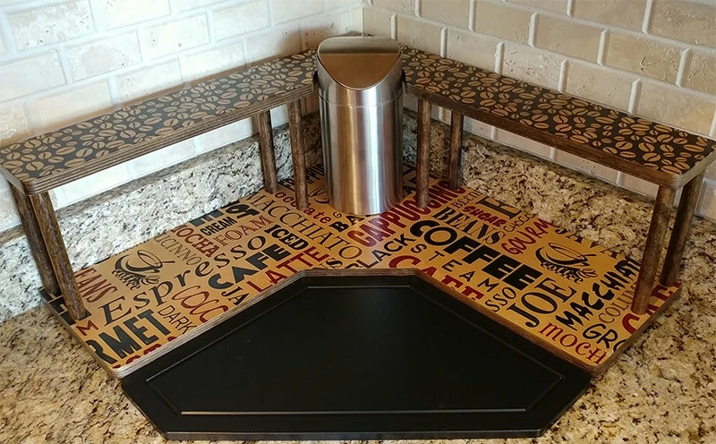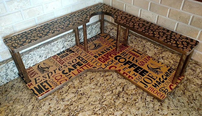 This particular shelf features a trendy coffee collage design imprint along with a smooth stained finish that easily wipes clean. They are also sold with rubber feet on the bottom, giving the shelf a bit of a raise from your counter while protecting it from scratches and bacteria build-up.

......

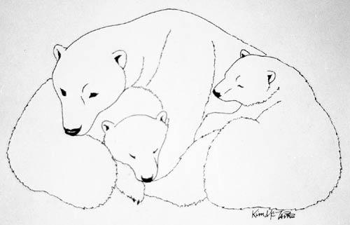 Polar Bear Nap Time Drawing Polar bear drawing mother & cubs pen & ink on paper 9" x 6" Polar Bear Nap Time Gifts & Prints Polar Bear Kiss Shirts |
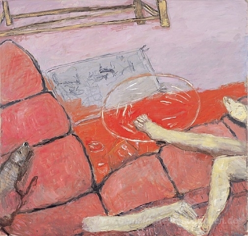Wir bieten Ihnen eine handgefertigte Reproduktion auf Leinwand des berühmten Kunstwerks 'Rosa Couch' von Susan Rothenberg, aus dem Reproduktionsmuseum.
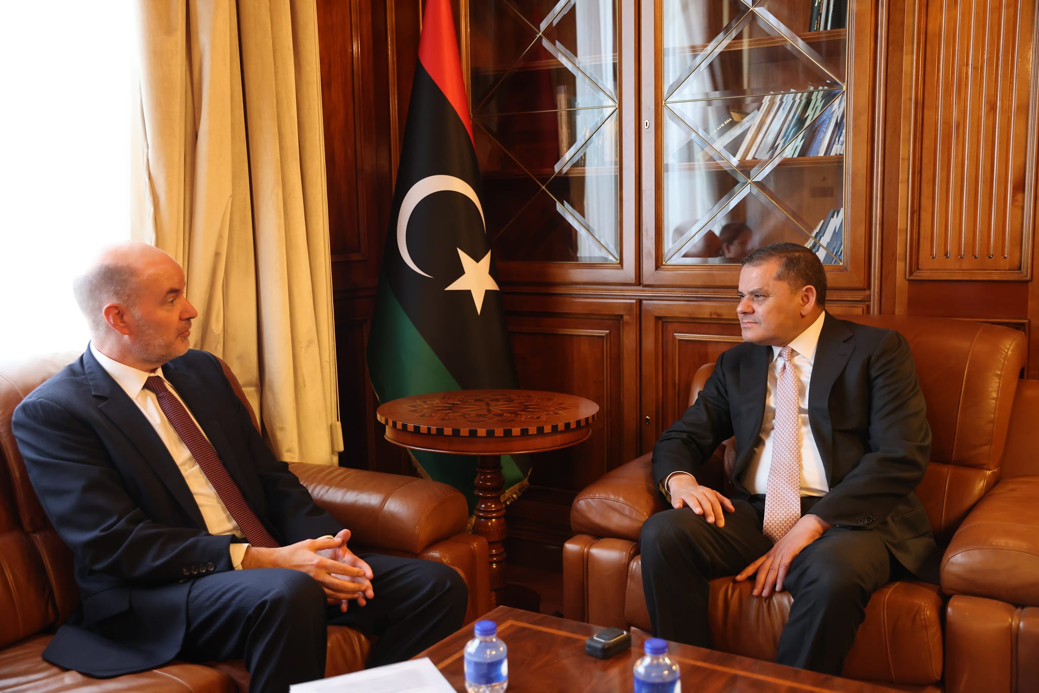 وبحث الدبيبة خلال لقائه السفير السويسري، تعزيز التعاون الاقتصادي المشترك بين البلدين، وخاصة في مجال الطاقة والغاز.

......

Exercise objective: Write out, word for word, the stretch of entries that begins at the line with "Polar Bear Nap Time Drawing" and ends at the line with "وبحث الدبيبة خلال". Pictures do not belong in it.

Answer for the task:
 Polar Bear Nap Time Drawing Polar bear drawing mother & cubs pen & ink on paper 9" x 6" Polar Bear Nap Time Gifts & Prints Polar Bear Kiss Shirts |
Wir bieten Ihnen eine handgefertigte Reproduktion auf Leinwand des berühmten Kunstwerks 'Rosa Couch' von Susan Rothenberg, aus dem Reproduktionsmuseum.
 وبحث الدبيبة خلال لقائه السفير السويسري، تعزيز التعاون الاقتصادي المشترك بين البلدين، وخاصة في مجال الطاقة والغاز.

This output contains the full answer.